Gore Street does not comply with the requirements of the Shareholder Rights Directive (“SRD II”), as it considers that it has an investment strategy that is not commensurate with outcomes sought thereunder. Moreover, the Firm ensures that its clients are regularly and routinely apprised of the investment strategies employed by Gore Street. As such, it is felt the clients would not expect the Firm to achieve compliance with the core requirements of the SRD II. Gore Street is predominantly a private equity focused investment manager, and therefore, while the Firm may from time-to-time hold listed equity as a result of debt for equity swaps, such equity holdings are de-minimis and not material for our clients.


Engagement Policy Disclosure

Gore Street has published a disclosure on the Firm’s website, explaining why it does not comply with the requirements of SRD II.

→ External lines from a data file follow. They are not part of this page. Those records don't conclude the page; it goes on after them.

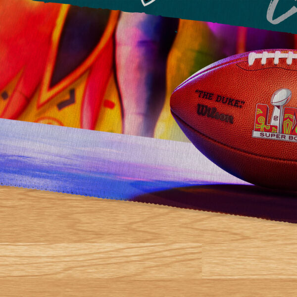 Showcase your pride with the Philadelphia Eagles NFL Super Bowl 59 ¡°Parade¡± Washable Rug, designed to commemorate a monumental achievement. Featuring the team logo, the official Super Bowl logo, football, and the words ?Super Bowl Champions,? this rug makes a bold statement in any space. Its vibrant colors and dynamic design bring the excitement of the big game into your home. Made with durability and comfort in mind, the ¡°Parade¡± rug combines a soft, low-pile surface with long-lasting materials, making it ideal for high-traffic areas. Whether it's displayed in a fan cave, living room, or office. Its design not only reflects team spirit but also adds a stylish element to your d¨¦cor. Maintaining its fresh and vivid appearance is easy, thanks to its machine-washable construction. Designed for fans who want to honor their team's championship run while keeping their space functional, a perfect blend of practicality and fandom.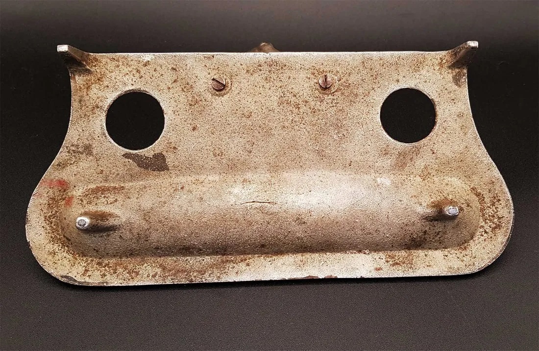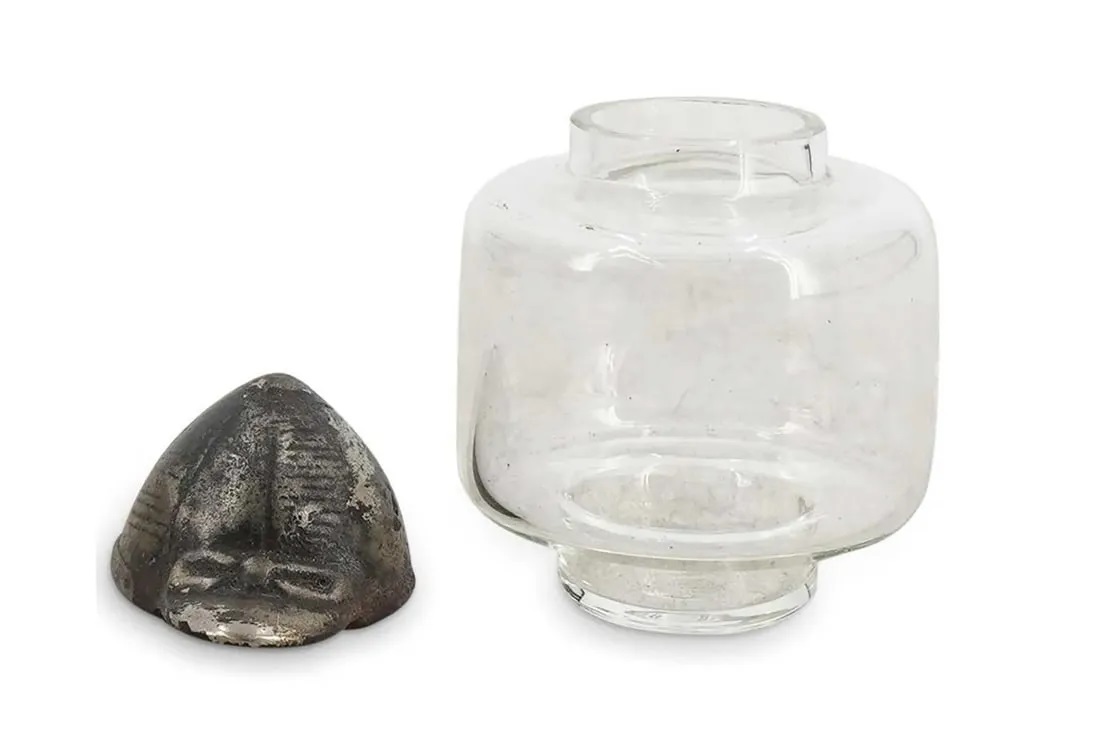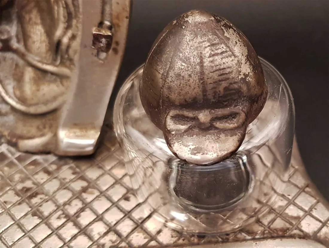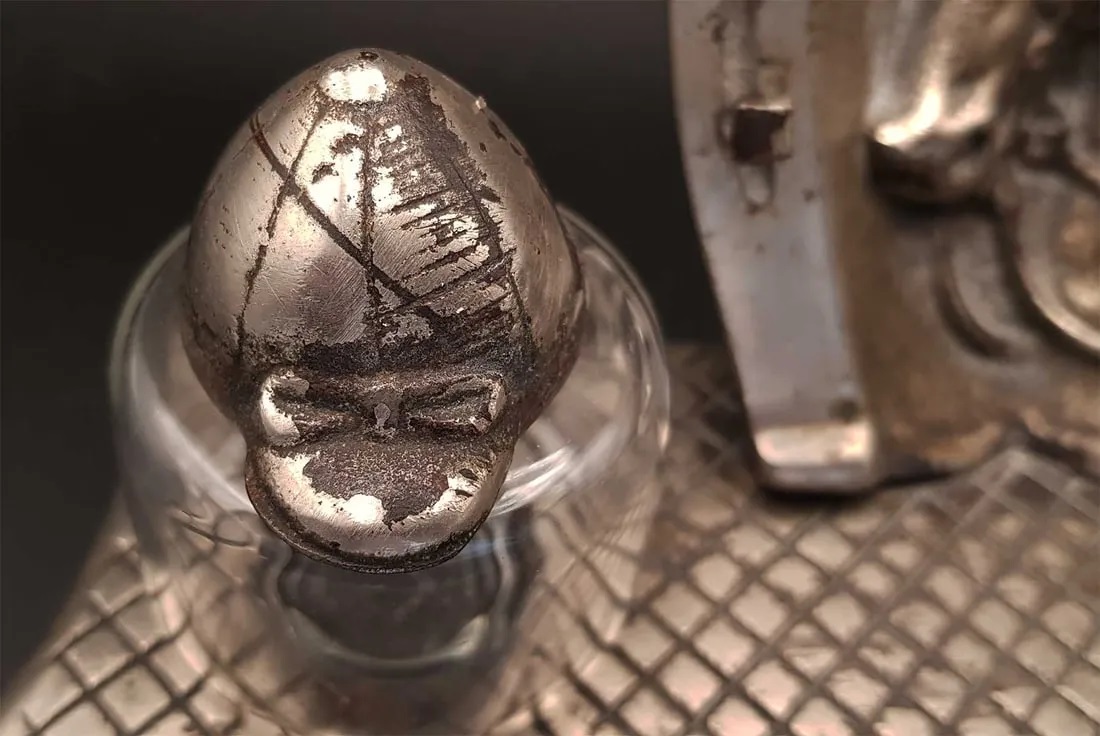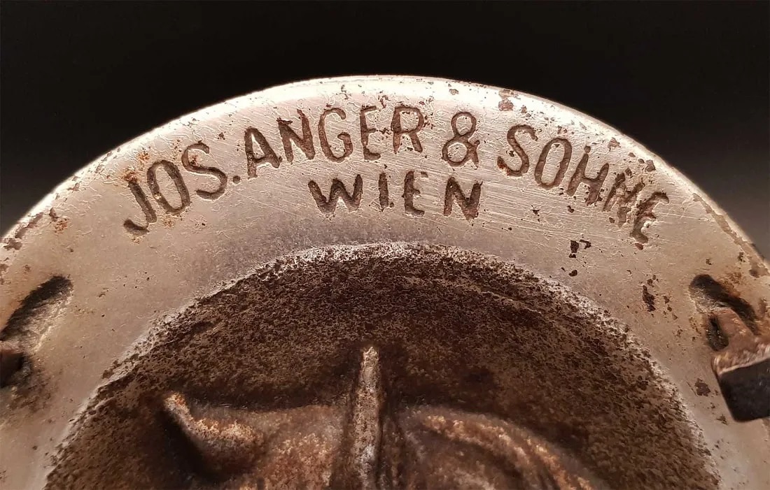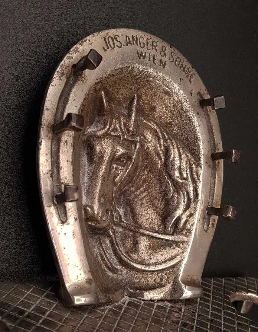 A double inkstand featuring a horse head in relief framed by a horseshoe with extruding nails, which can hold a pen. The footed base is decorated with cross-hatched designs. Around the edges are horseshoes and a riding crop. The two glass inkwells have unattached lids in the form of jockey’s caps. Engraved on the horseshoe is “Jos. Anger & Sohne, Wien” (Joseph Anger and Sons, Vienna) likely the owners of this inkstand.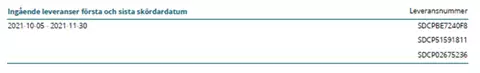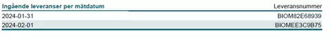 Ingående leveranser per mätdatum: Här visas de ingående mätningar (Leveransnummer) som mätbeskedet innefattas av under aktuella mätdatum.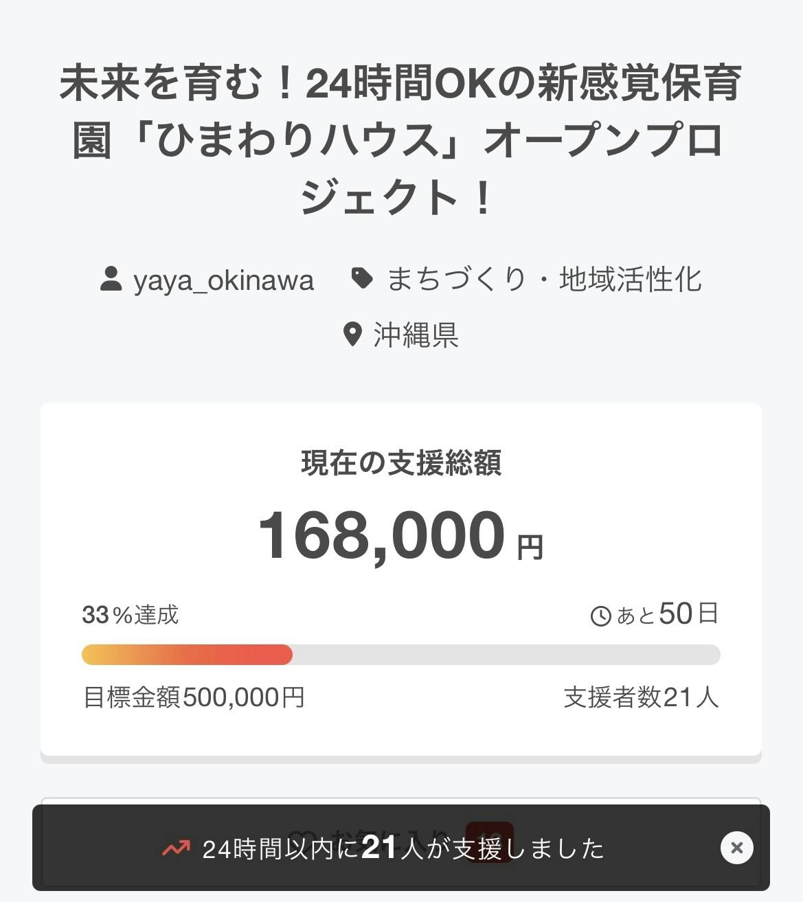 1/8のクラウドファンディング初日、そしてその翌日は、たくさんの発信をしたり、いろいろな方にご連絡したりと、正直クラファンのことで頭がいっぱいでした。現在、クラウドファンディングは残り45日、達成率42%。28名の方にご支援いただいています。ありがたいことに、まちづくり・地域活性化プロジェクトの注目のプロジェクトに選ばれました!!その一方で、資格の勉強や子どもの保育園のこと、事業の準備も同時に進んでおり、思うように発信ができない日もありました。同じように「沖縄北部の、まだまだ発展途上な地域にこそ24時間託児が必要だ」と感じてくださっている方が、こんなにもいらっしゃることを知ることができました。本当にありがとうございます。この挑戦は、まだ始まったばかりです。働く人にも、預ける人にも、そして何より子どもたちにとって、安心できる、あたたかい環境をつくるために。これからも、一つひとつ想いを込めて、発信を続けていきます。引き続き、応援よろしくお願いいたします。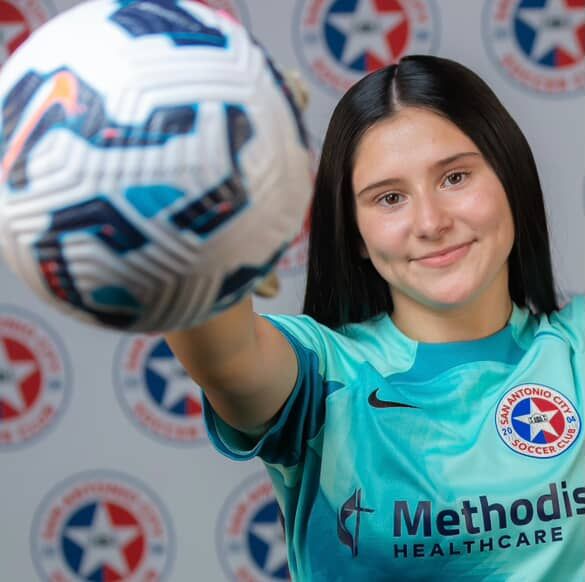 My name is Carolina Flores, and I am a goalkeeper playing for SA City’s 07/08 GA team; I am passionate about soccer and the goalkeeper position, and these passions have allowed me to see daily life from a different perspective while understanding the importance of maximizing every opportunity to improve as a player and as a person.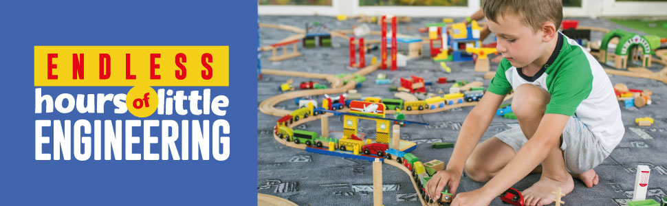 أضف إلى مجموعتك: هذه المجموعة متوافقة مع جميع العلامات التجارية المشهورة لمجموعات القطارات الخشبية، بما في ذلك Brio و Chuggington، Thomas وغيرها. استخدم هذه المجموعة بمفردها أو أضف المسارات والسيارات كملحقات وحزمة توسيع لمجموعة موجودة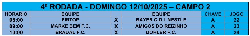 Pela Chave A, os campeões de 2024 da Markbem e os Amigos do Reizinho (Usina Iracema) lideram com 9 pontos cada – três jogos e três vitórias. Os primeiros derrotaram a Dohler neste domingo por 7 a 3, e os segundos venceram o Bayern CDI Nestlé por 7 a 4. Pela Chave B, o Manga Rosa (Ajinomoto) também anotou 9 pontos após vitória contra o Atlético de Madri (Ajinomoto) por 5 a 2. Veja todos os resultados da rodada.

Annual Update and Disclosure

This policy and the related disclosure are reviewed on at least an annual basis and presented to the Management Body. As part of this review, Gore Street will update its annual disclosure to include consideration of the following: • A general description of voting behaviour;

  • An explanation of how it has cast significant votes, including how it has cast votes in the general meetings of companies in which it holds shares; and
  • Reporting on the use of the services of proxy advisors.

The annual disclosure, when applicable, will be made on an annual basis. The annual disclosure template can be found in Appendix 8A.

Shareholder Engagement and Proxy Voting

The Firm monitors and records the way in which it has engaged with investee companies, including with regard to, and in accordance with, proxy voting policy and procedure as outlined in Appendix 8.

Gore Street maintains a record of votes exercised and periodically, and on at least an annual basis:

  • Review the Firm’s voting record and confirm that a random sample of proxy questions were voted according to the approved policy; and
  • Review any material conflicts that have been documented and determine independently
    whether the conflict was resolved in favour of the client’s interests.

Gore Street is not required to disclose votes that are insignificant due to the subject matter of the vote or the size of the holding in the company. The Firm will consider the significance of each vote on an ongoing basis and in accordance with its proxy voting policy (as outlined below).

SRD Institutional Investors

When necessary, Gore Street will comply with the disclosure requirements of SRD II with respect to separately managed accounts of SRD institutional investors and/or, with respect to any such investors in funds to which it is the AIFM by making such information publicly available on its website. Such disclosures will be provided and updated on at least an annual basis.

The Firm will also provide this information where requested to by other (non-client) SRD investors when the Firm is required to do so.